Copy out the listing below exactly, please, and skip any pictures.

### Data block
☆ ☆ ☆ ☆

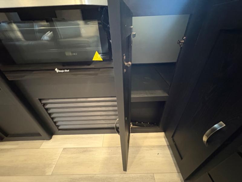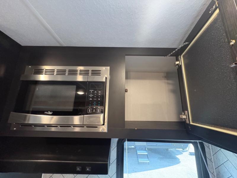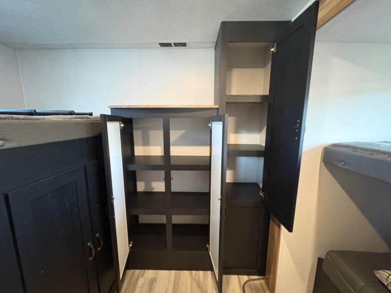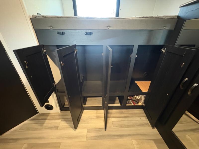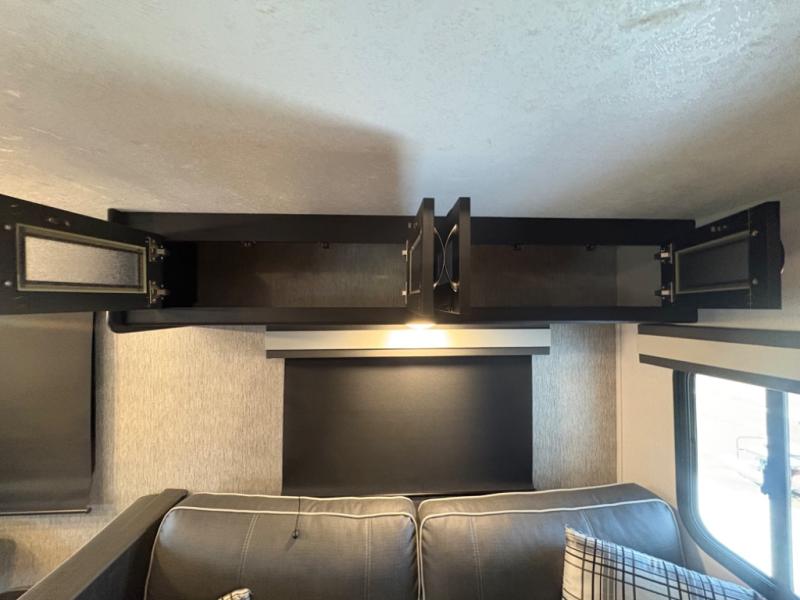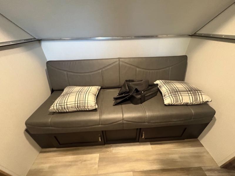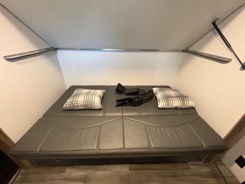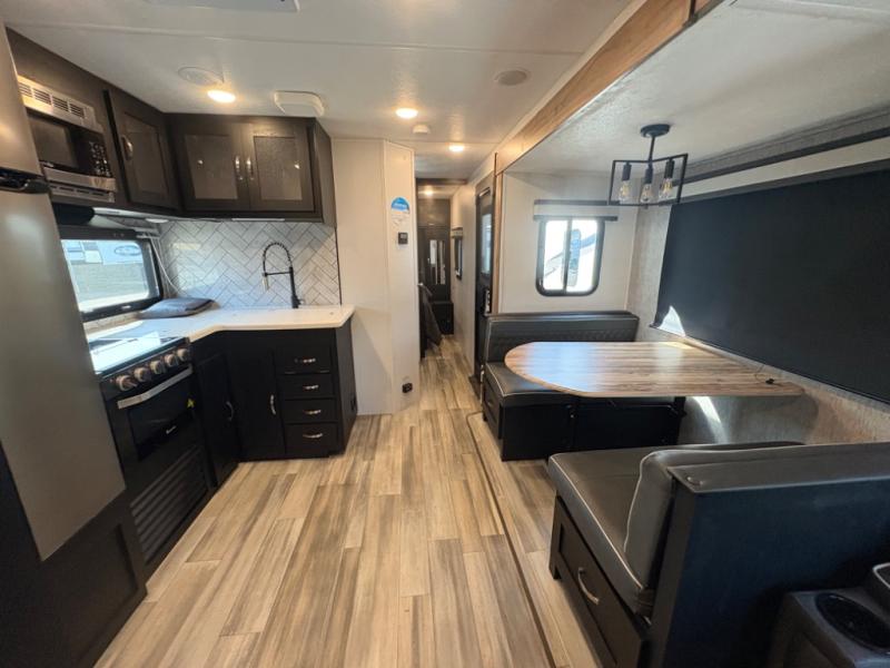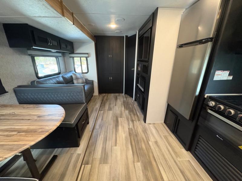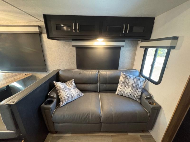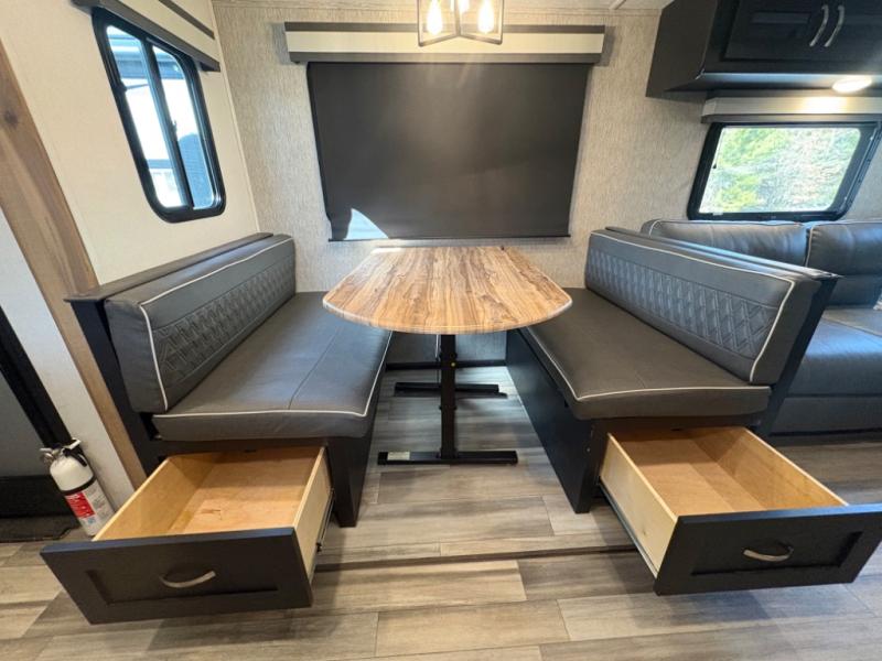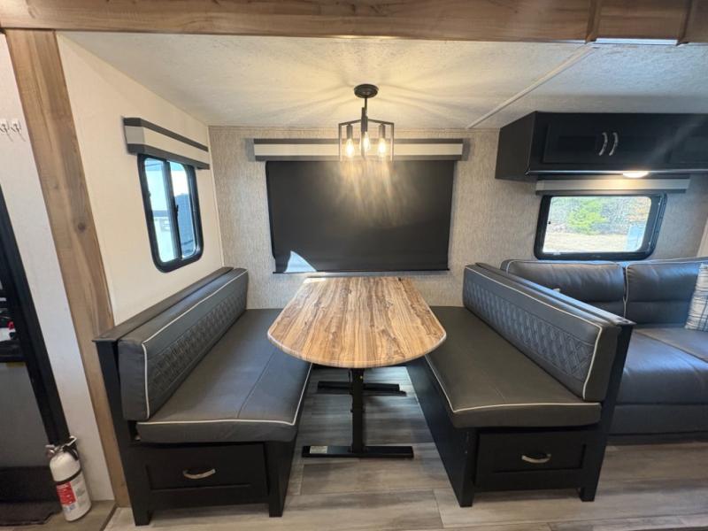 Prepare meals with ease using the three-burner cooktop, oven, microwave, refrigerator, and generous counter space. Ample cabinetry keeps everything organized. The convertible dinette and comfortable seating provide room for meals, game nights, or additional sleeping space.
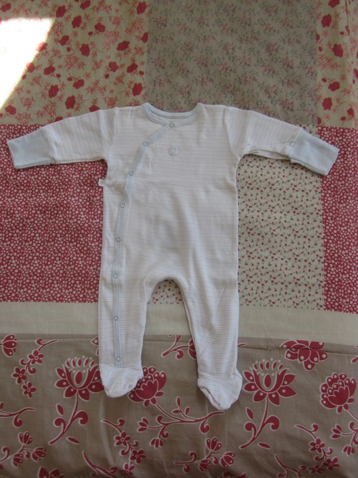 Pyjama coton rayé bleu clair et blanc 6 mois - photo numéro 1
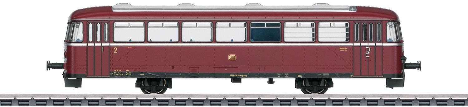 Schienenbus-Beiwagen mit Dienstabteil Baureihe VB 98 der Deutschen Bundesbahn (DB). In purpurroter Ursprungsfarbgebung. Beiwagen-Betriebsnummer VB 98 034. Betriebszustand Anfang der 1960er-Jahre. Beiwagen passend zu der aus Motorwagen und Steuerwagen bestehenden Schienenbus-Garnitur 39978. An beiden Enden in Kinematik geführte Schächte für stromführende Steck-Kupplungsdeichseln. Eine stromführende Kupplungsdeichsel liegt bei. Wagen-Innenraum mit freiem Durchblick. Inneneinrichtung. Innenbeleuchtung mit wartungsfreien warmweißen Leuchtdioden (LED). Stromversorgung der Innenbeleuchtung über stromführende Kupplungsdeichsel vom Triebfahrzeug.

☆ ☆ ☆ ☆

### Result of the exercise
 Prepare meals with ease using the three-burner cooktop, oven, microwave, refrigerator, and generous counter space. Ample cabinetry keeps everything organized. The convertible dinette and comfortable seating provide room for meals, game nights, or additional sleeping space.
 Pyjama coton rayé bleu clair et blanc 6 mois - photo numéro 1
 Schienenbus-Beiwagen mit Dienstabteil Baureihe VB 98 der Deutschen Bundesbahn (DB). In purpurroter Ursprungsfarbgebung. Beiwagen-Betriebsnummer VB 98 034. Betriebszustand Anfang der 1960er-Jahre. Beiwagen passend zu der aus Motorwagen und Steuerwagen bestehenden Schienenbus-Garnitur 39978. An beiden Enden in Kinematik geführte Schächte für stromführende Steck-Kupplungsdeichseln. Eine stromführende Kupplungsdeichsel liegt bei. Wagen-Innenraum mit freiem Durchblick. Inneneinrichtung. Innenbeleuchtung mit wartungsfreien warmweißen Leuchtdioden (LED). Stromversorgung der Innenbeleuchtung über stromführende Kupplungsdeichsel vom Triebfahrzeug.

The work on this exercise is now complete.